I'm trying to estimate the sampling distribution of a variance from a single sample to do a certain statistical test.
To test the proof of concept, I take a normal distribution $N(200,5)$ with mean 200 and variance 25.
I then pick random samples of size sample_size from the normal distribution and calculate the variance of those samples to construct a sampling distribution of the variance.
My understanding is that the sampling distribution of the variance should follow a $\chi^2(\mathrm{sample~size} -1)$ distribution.

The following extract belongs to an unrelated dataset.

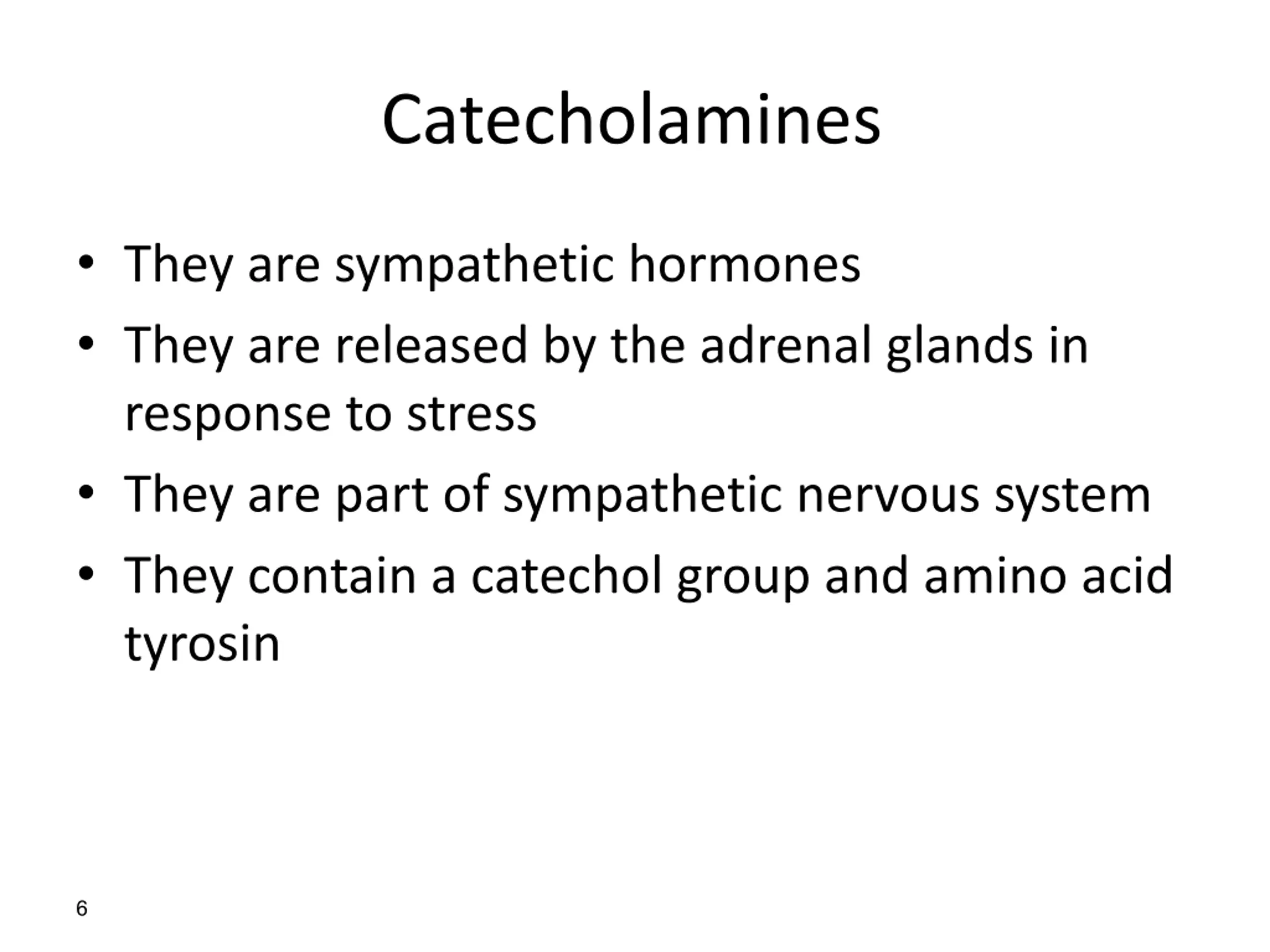 Catecholamines They are sympathetic hormones They are released by the adrenal glands in response to stress They are part of sympathetic nervous system They contain a catechol group and amino acid tyrosin 6

However, when I plot a PDF of the $\chi^2(\mathrm{sample~size} -1)$ distribution over my histogram of sample variances, the results do not agree.
The fit improves with increasing sample size but never truly "fits".

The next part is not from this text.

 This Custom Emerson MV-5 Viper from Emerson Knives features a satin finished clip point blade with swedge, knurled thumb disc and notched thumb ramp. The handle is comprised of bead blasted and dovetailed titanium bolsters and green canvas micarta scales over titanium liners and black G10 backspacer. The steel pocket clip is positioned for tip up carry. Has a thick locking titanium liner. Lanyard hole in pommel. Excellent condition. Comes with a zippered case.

Where am I going wrong? Python MWE below.
#!/usr/bin/env python
import numpy as np
import matplotlib.pyplot as plt
from scipy import stats
#Setup population with known variance to test
mu = 200
variance = 25
sigma = np.sqrt(variance)
N = 1000000
d = np.random.normal(mu, sigma, N)
n_samples = 100000
def sample_variance(sample_size):
#Take many random samples of sample_size from the distribution d above.
sample_vars = []
for i in range(n_samples):
sample = np.random.choice(d, sample_size)

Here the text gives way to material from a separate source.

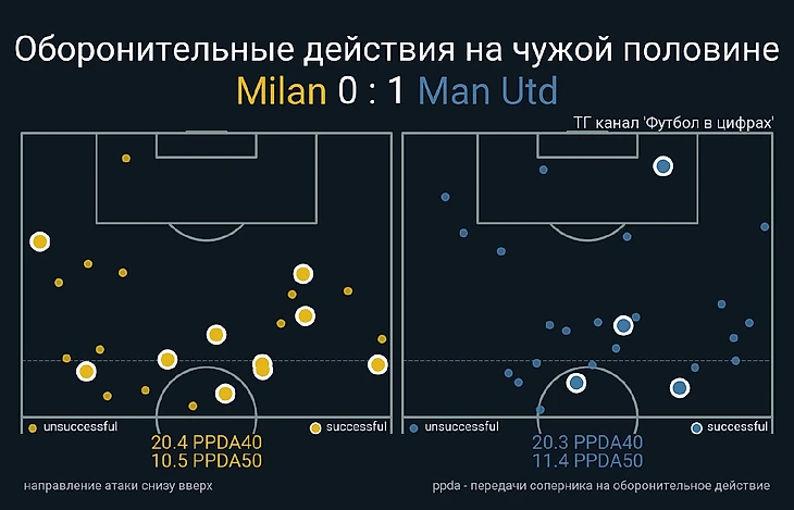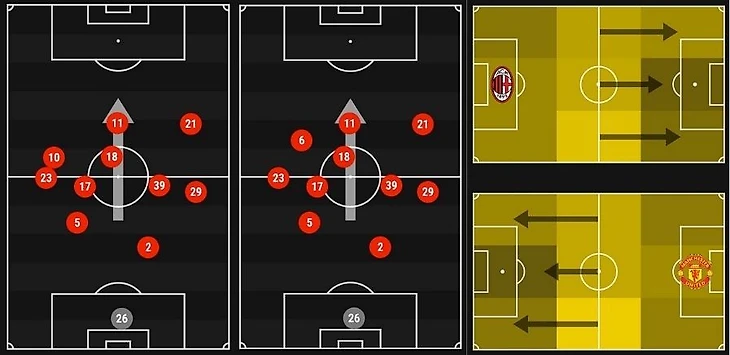 Различия начинались на половине поля соперника. Думаю, всем бросилось в глаза насколько неуклюже в первом тайме смотрелись Фред и Скотти по сравнению с Кессье и Мейте. Опорники Милана больше задействованы в перепасовках со своими товарищами по атаке, но при этом менее устойчивы под прессингом. Пожалуй, что в рамках своих формаций команды находятся на разных стадиях развития с учетом вполне схожих прошлых проблем. Милан сделал акцент с начала сезона на активном прессинге и владении, а Юнайтед на плотной обороне и быстрых атаках.

sample_var = np.var(sample,ddof=1)
sample_vars.append(sample_var)
sample_vars = np.array(sample_vars)
std_mean = np.mean(sample_vars) #The mean of the sample variances correctly reproduces the population variance
std_std = np.std(sample_vars) #Calculated just for plotting purposes.
plt.hist((sample_vars), bins=30, density=True)
xs = np.linspace(std_mean-4*std_std,std_mean+4*std_std,200) #Just for x-scale plotting
#Plot chi^2 distribution with degrees of freedom = sample_size - 1
plt.plot(xs,stats.chi2.pdf(xs,df=sample_size-1))
plt.plot((std_mean,std_mean),(0,0.30),'--')
plt.xlim(0,50)
plt.xlabel('Variance of sample')
plt.ylabel('Density')
plt.show()
sample_variance(30)
sample_variance(7)
EDIT: For clarity, assume I have no knowledge of the population variance since this is what I'm trying to estimate after I get this test case working.